Hi. I have species level shotgun data. I am conducting the following basic transformations.
- Converting count to relative abundance
- Dropping species with <10% prevalence in my sample
Are these the right steps to do before I setup my data? Is there any other important step that I am missing?
Thanks.
Sanyog
Hi Sanyog,
Both MaAsSLin 2 and MaAsLin 3 will automatically convert your counts to relative abundances, and our advice in MaAsLin 3 is to not drop the low prevalence species (though in MaAsLin 2 dropping those below 10% prevalence was the default and implemented automatically).
Will
1 Like
Hi Will,
This is great! Thanks a lot for your response.
Sanyog
Hi Will. How can I increase the speed of my analyses? Does increasing the number of cores speed things up? Any other valid steps?
Sanyog
What’s the formula you’re using and the dataset size? Using more cores might (but probably won’t) help.
Will
1 Like
Hi Will. Species level shotgun file has 214 rows and 4097 columns. Metadata file has 214 rows and 91 columns. In my main model, I am including 13 variables from the metadata file (4 continuous, 8 binary, 1 factor with 3 levels). It currently takes about 45 mins to run 1 model.
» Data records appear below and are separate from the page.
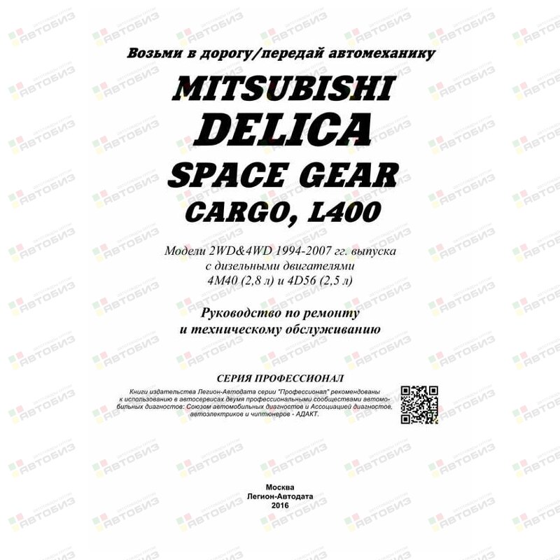 MITSUBISHI DELICA / SPACE GEAR / CARGO / L400. Модели 2WD&4WD 1994—2007 гг. выпуска с дизельными двигателями 4M40 (2,8 л) и 4D56 (2,5 л). Серия «Профессионал». Руководство по ремонту и техническому обслуживанию
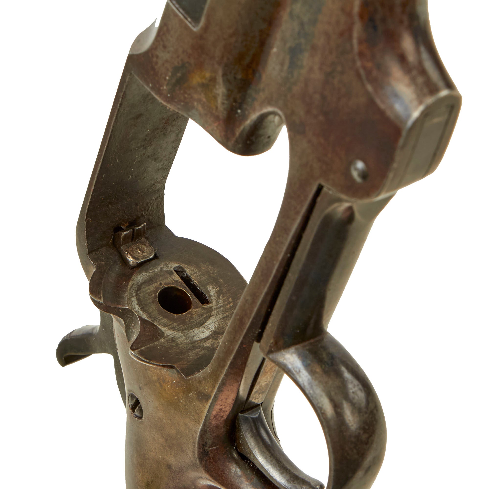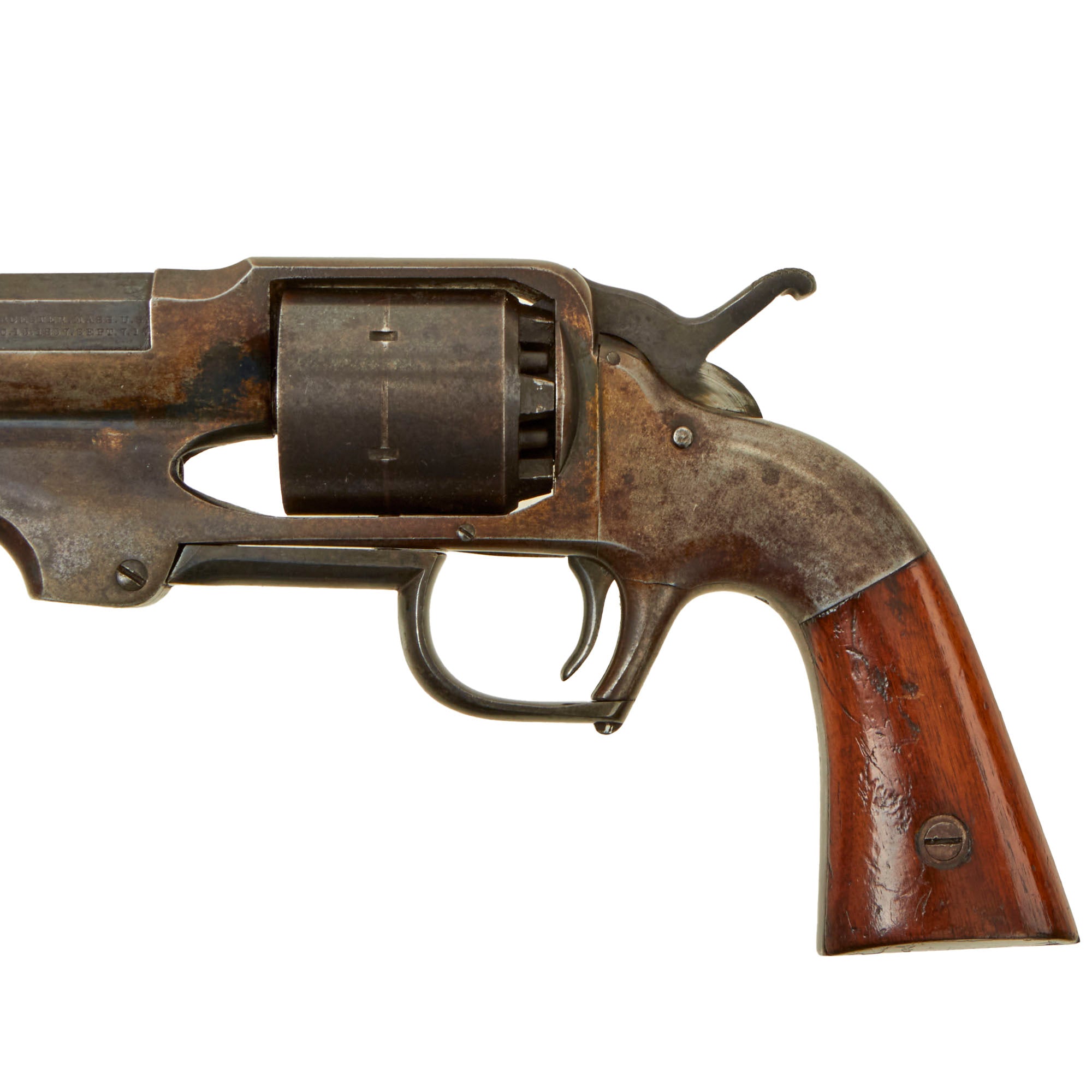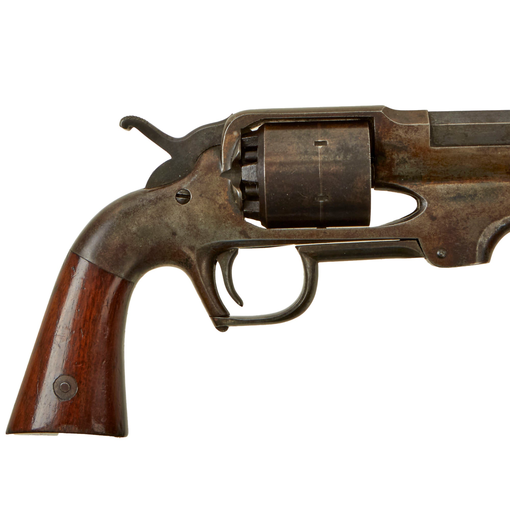 Other examples we have seen also have the ends of the markings removed or covered, as it looks like the markings were stamped prior to milling the front of the barrel round and fitting the barrel into the frame. As the "ALLEN & WHEELOCK" trade name was used from 1856 to 1865, this revolver definitely falls right into the civil war period. According to Flayderman’s Guide to Antique American Firearms only an estimated 700 of these rifles were produced in period 1861-1862, making every example very rare! This also puts it firmly into the early Civil War period, and it most likely was put into service during the conflict.
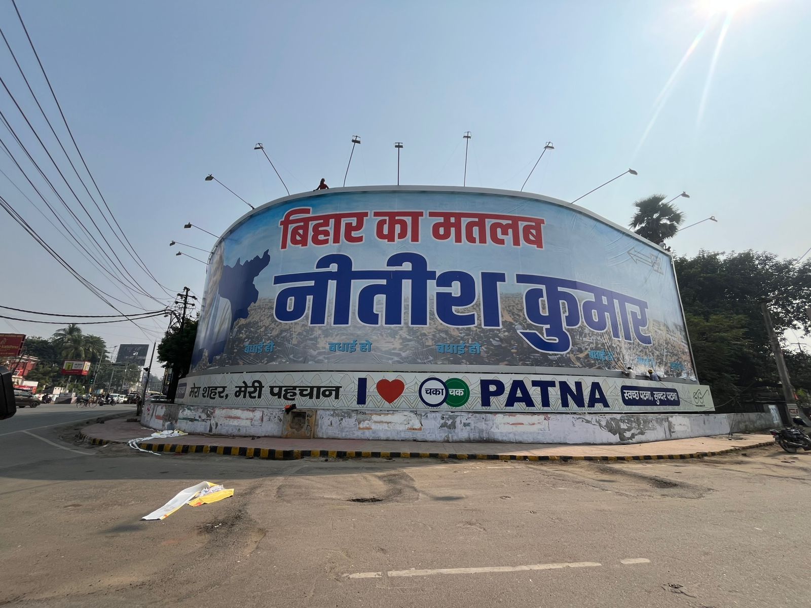 पाटणा शहराच्या मध्यभागी नितीश कुमार यांचे मोठे पोस्टर लावण्यात आले आहे. त्यात लिहिले आहे- बिहार म्हणजे नितीश कुमार.

If by 1 model you mean 1 full MaAsLin run, that sounds about right for that size of data. You have a pretty complicated model, and 4097 is a lot of species. It’s maybe worth checking if many of those are rare species and should be screened out by the prevalence/abundance screens (e.g. requiring at least 10% of samples to have at least 0.1% abundance of the species).
Will